Could you transcribe the entries below exactly, starting at the line that contains "Rosa Kleid mit" and stopping at the last line, without any pictures?

————

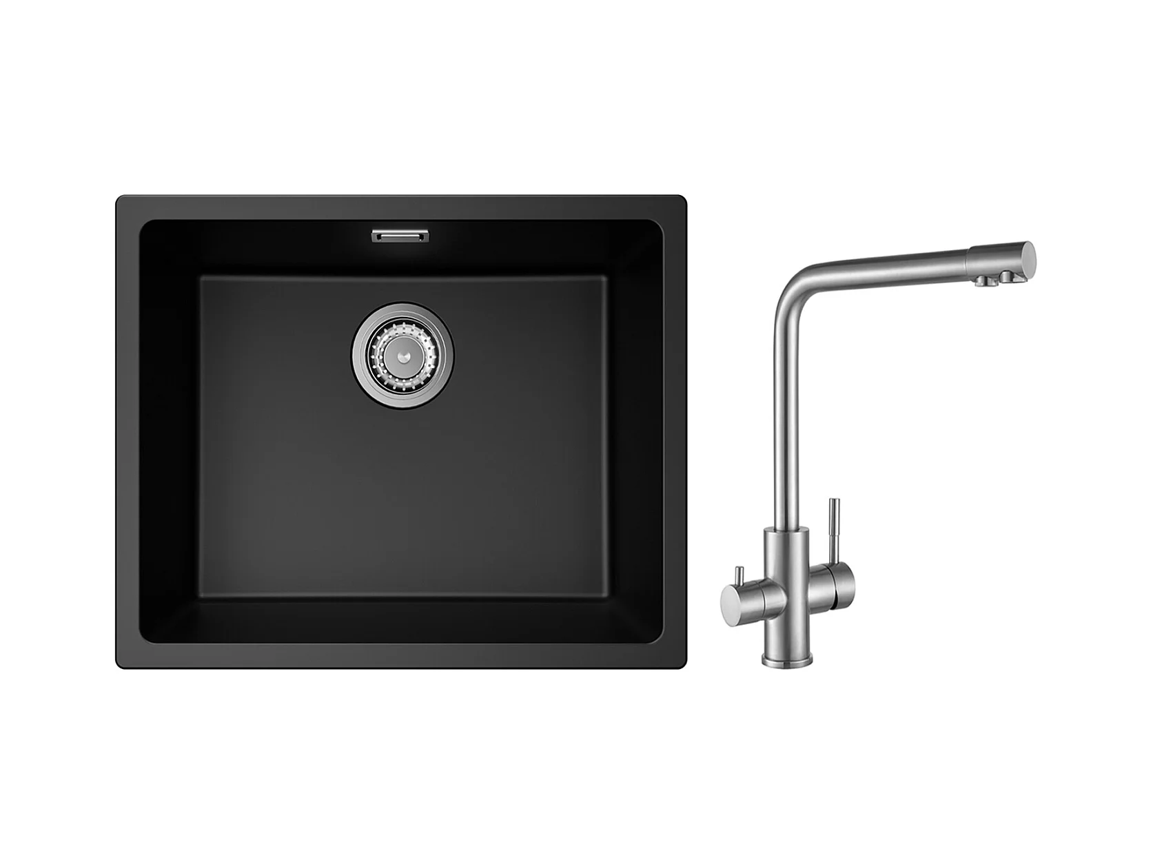 Evier 1 Bac en Quartz et Résine, 3 Options de Montage, 55*44*20cm + Mitigeur Evier à 3 Voies, 2 Leviers, Noir
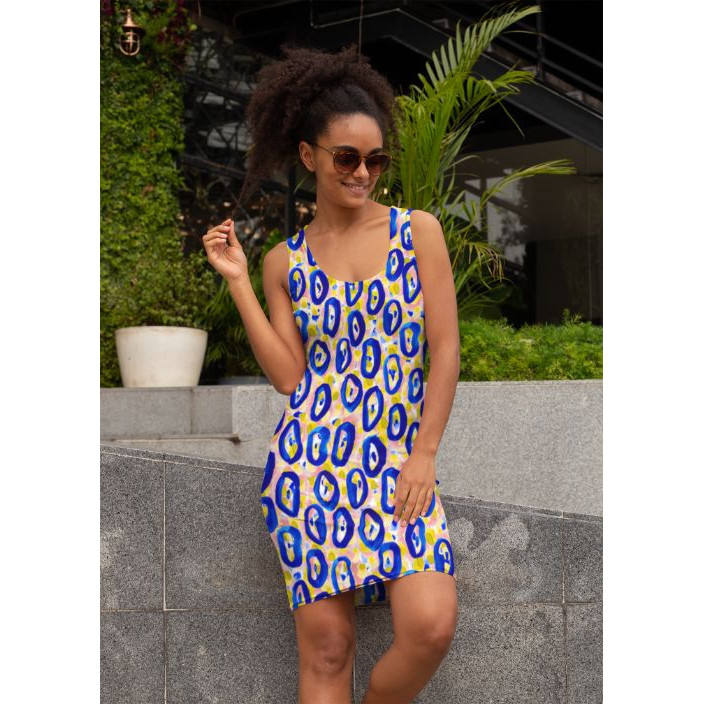 Abito con motivo astratto (38) con taglio e cuciture a sublimazione
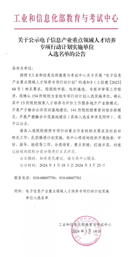电子信息产业重点领域人才培养专项行动计划旨在推动电子信息产业重点领域高素质技术技能人才队伍建设,由工业和信息化部教育与考试中心征集专项行动实施单位。公司此次成功入选,不仅有利于创新优化电子信息产业重点领域人才培养路径,也将进一步促进未来公司高水平学科专业集群建设。
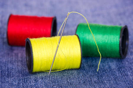 Colorful bobbins with needle on jeans material
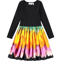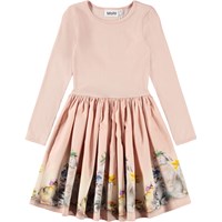 Rosa Kleid mit langen Ärmeln aus weicher, biologischer Baumwolle. Das Oberteil hat eine enge Passform aus geripptem Jersey, und der Rock besteht aus Baumwollpopeline mit einem bezaubernden Druck von Tieren mit bunten Blumenhüten. Es ist ein bequemes und festliches Kleid mit guter Bewegungsfreiheit.
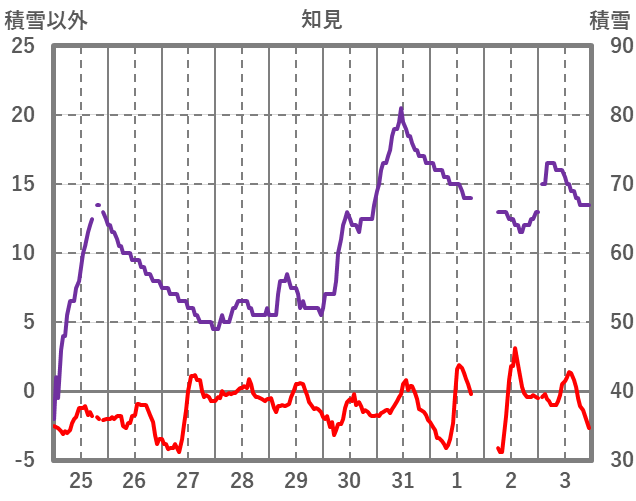 | 日 | 時 | 気温 | 降水 | 風向/風速 | 日照 | 積雪 | 降雪 |
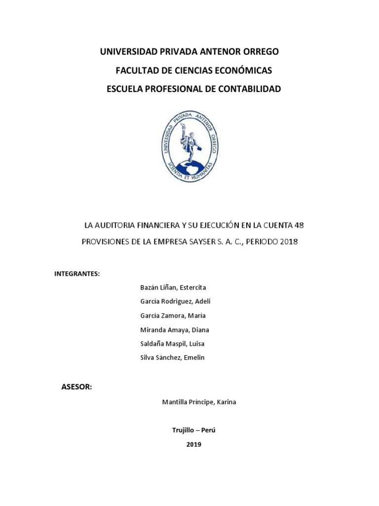 Presentar el informe de auditoría de la cuenta provisiones de la empresa SAYSER
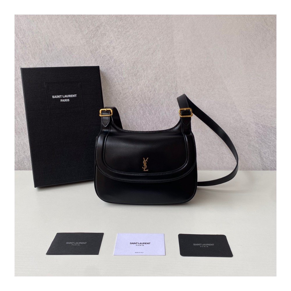 생로랑 찰리 미디움 스무스 카프레더 숄더백 블랙

————

ANSWER SPACE>
 Rosa Kleid mit langen Ärmeln aus weicher, biologischer Baumwolle. Das Oberteil hat eine enge Passform aus geripptem Jersey, und der Rock besteht aus Baumwollpopeline mit einem bezaubernden Druck von Tieren mit bunten Blumenhüten. Es ist ein bequemes und festliches Kleid mit guter Bewegungsfreiheit.
 | 日 | 時 | 気温 | 降水 | 風向/風速 | 日照 | 積雪 | 降雪 |
 Presentar el informe de auditoría de la cuenta provisiones de la empresa SAYSER
 생로랑 찰리 미디움 스무스 카프레더 숄더백 블랙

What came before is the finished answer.